**YOUR INSTRUCTIONS:** Your output should be the lines below from the one holding "[13745942]s191" through the one holding "- Еми... за", transcribed exactly, with no pictures.

START EXERCISE DATA

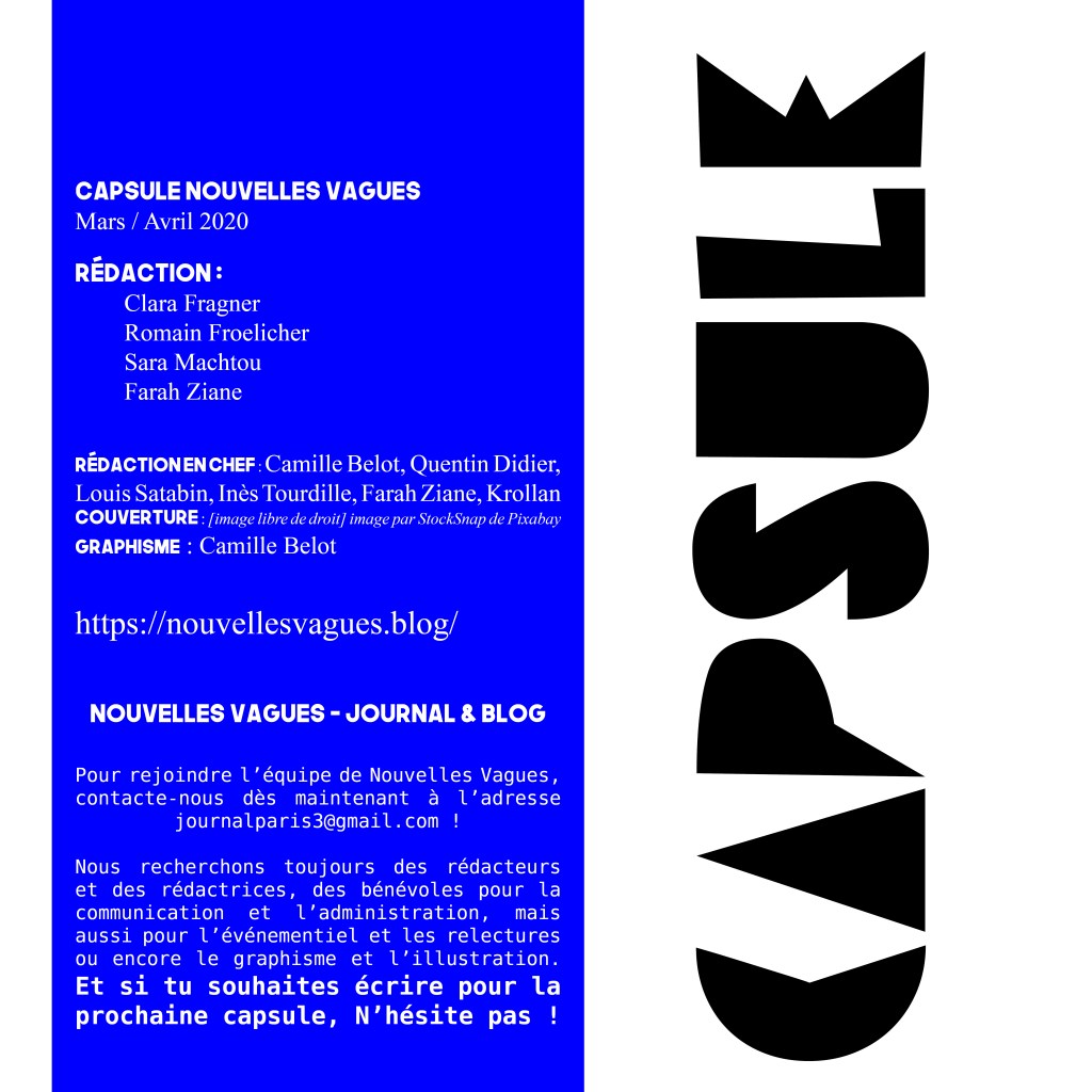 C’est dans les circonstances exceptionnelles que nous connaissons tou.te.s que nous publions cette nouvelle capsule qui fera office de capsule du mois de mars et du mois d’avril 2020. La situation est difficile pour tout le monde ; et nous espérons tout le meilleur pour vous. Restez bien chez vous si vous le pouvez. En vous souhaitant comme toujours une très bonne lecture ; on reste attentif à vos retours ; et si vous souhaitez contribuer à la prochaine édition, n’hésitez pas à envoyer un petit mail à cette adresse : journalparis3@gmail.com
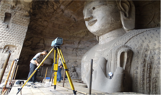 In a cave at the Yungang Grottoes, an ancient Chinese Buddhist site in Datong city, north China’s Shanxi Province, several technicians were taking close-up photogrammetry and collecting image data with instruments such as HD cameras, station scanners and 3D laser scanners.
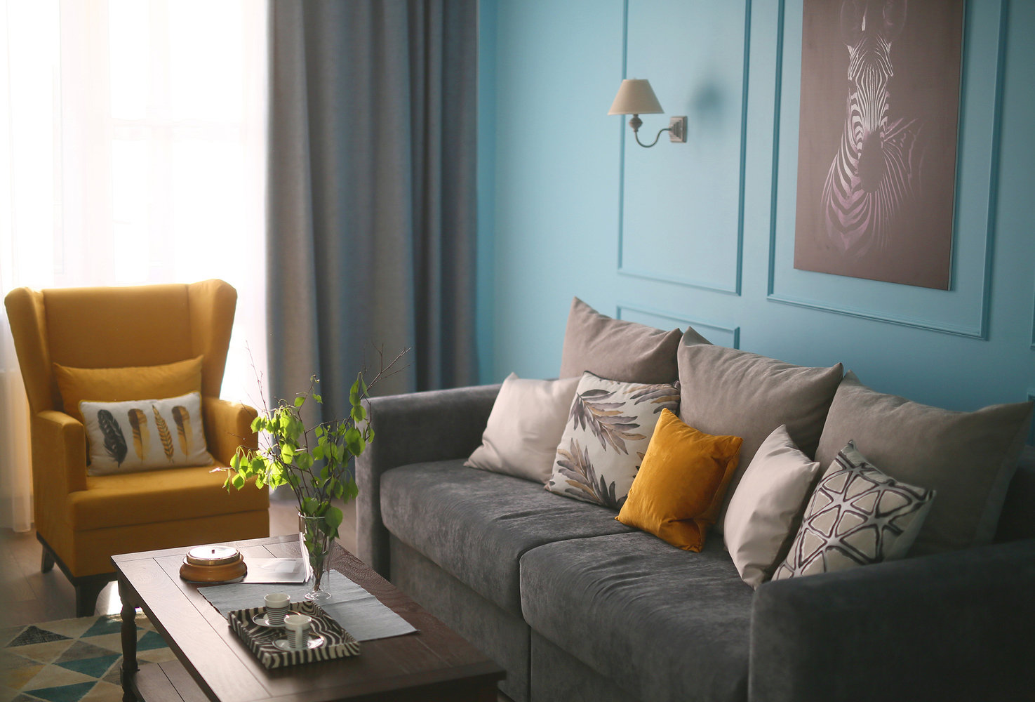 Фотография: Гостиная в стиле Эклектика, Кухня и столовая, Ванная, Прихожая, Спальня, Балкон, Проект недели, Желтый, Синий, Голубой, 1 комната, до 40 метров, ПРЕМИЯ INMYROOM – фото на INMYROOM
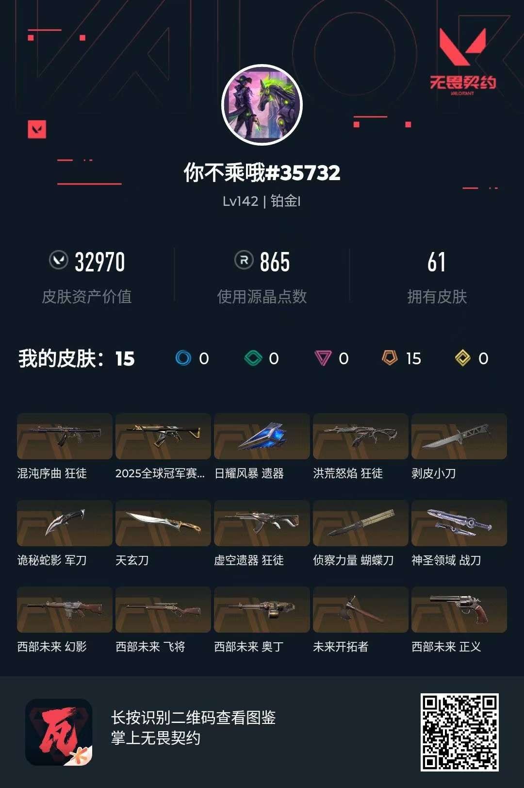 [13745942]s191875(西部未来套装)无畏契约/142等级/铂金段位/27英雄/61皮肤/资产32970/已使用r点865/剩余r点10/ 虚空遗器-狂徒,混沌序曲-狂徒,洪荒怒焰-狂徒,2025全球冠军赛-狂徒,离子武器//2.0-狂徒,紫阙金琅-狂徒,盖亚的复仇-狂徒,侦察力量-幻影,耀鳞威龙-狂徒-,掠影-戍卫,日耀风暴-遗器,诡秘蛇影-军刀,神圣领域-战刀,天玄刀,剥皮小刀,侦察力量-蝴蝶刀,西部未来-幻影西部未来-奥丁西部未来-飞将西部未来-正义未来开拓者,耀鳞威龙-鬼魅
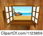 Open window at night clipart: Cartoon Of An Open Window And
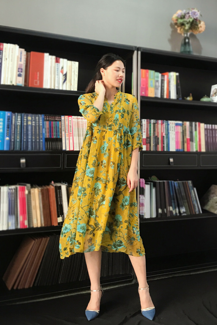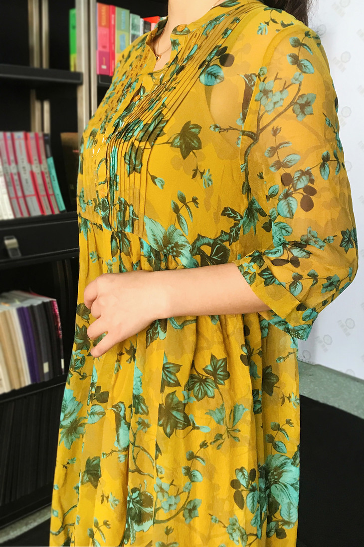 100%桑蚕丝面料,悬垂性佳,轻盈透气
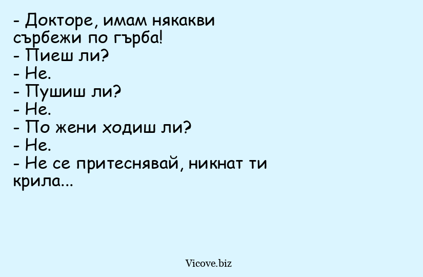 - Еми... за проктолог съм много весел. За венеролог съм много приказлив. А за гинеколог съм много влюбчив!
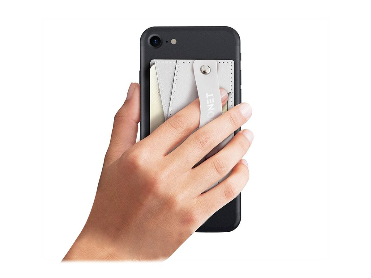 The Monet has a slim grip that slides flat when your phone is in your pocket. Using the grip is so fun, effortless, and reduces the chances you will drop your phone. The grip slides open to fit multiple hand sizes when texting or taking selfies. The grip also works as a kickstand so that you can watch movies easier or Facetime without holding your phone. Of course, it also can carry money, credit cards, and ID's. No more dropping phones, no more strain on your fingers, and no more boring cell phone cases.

END EXERCISE DATA

**TASK SOLUTION:**
 [13745942]s191875(西部未来套装)无畏契约/142等级/铂金段位/27英雄/61皮肤/资产32970/已使用r点865/剩余r点10/ 虚空遗器-狂徒,混沌序曲-狂徒,洪荒怒焰-狂徒,2025全球冠军赛-狂徒,离子武器//2.0-狂徒,紫阙金琅-狂徒,盖亚的复仇-狂徒,侦察力量-幻影,耀鳞威龙-狂徒-,掠影-戍卫,日耀风暴-遗器,诡秘蛇影-军刀,神圣领域-战刀,天玄刀,剥皮小刀,侦察力量-蝴蝶刀,西部未来-幻影西部未来-奥丁西部未来-飞将西部未来-正义未来开拓者,耀鳞威龙-鬼魅
 Open window at night clipart: Cartoon Of An Open Window And
 100%桑蚕丝面料,悬垂性佳,轻盈透气
 - Еми... за проктолог съм много весел. За венеролог съм много приказлив. А за гинеколог съм много влюбчив!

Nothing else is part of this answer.